FIRST things first: we’ve got a bit of a crush on Bleach Lab.

The Buckinghamshire dreampop outfit fronted by Jenna Kyle who now call South London home have just dropped one final single ahead of their debut EP, A Calm Sense of Surrounding, out in just ten days; it’s called “Flood”, it’s a heavier confection than their previous brace of tunes – the sweet, Mazzy Star blur of “Never Before” and the blissful glide of “Old Ways”, but a little cracker nevertheless tis; listen for yourself below.

It’s got some of that loose roll of early Ride, loads of space for Jenna to glide across, Frank Wates’ guitars exploring the depths in scald and shimmer of the most deliciously shoegazey kind.

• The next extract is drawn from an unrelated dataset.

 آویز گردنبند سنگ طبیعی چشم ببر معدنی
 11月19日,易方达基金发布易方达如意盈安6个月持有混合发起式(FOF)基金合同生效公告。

“Flood is one long metaphor for being completely overwhelmed and overcome by someone and losing all sense of control within them,” Jenna explains.

“I sing ‘I’m in his words, I’m in his mouth, I’m in his mind’ to get across how absorbed I was by them, much like how the sand soaks up a wave.”

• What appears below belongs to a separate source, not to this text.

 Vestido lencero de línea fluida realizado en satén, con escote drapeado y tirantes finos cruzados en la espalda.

The EP is a sonic investigation of two traumatic experiences of grief in the band: the death of bassist Josh Longman’s father and the breakdown of Jenna’s long-term relationship. The band write the lyrics together, and employed a conceptual starting point of Elisabeth Kübler-Ross theory of the five stages of grieving: denial, anger, bargaining, depression, and acceptance. Bleach Lab then explores the huge spectrum of emotions that lay hidden inside this five-stage reductive notion, using the sea as a recurring metaphor.

Step forward sublime guitarist Frank Wates, whose guitar ripples, soothes and crashes like the waves.

“When you think about it, water has so many different characteristics,” he says. “It can resemble calm, tranquillity and slowness.

“Yet it can also be utterly terrifying – waves that dwarf you, ships desperate to stay afloat, dangerous predators unknowingly swimming under your feet.

“We felt this was similar to the whole mess of emotions which grief exposes you to and it subconsciously seeped into our lyrics and soundscapes.”

For much of the EP, the harsh nature of grief means Bleach Lab find themselves at the perils of the sea, tossed around; but they’re able to reach the final stage of grief, acceptance, -and from there chart a course back to land. 

Bleach Lab’s A Calm Sense of Surrounding will be released across all digital streaming platforms on March 19th.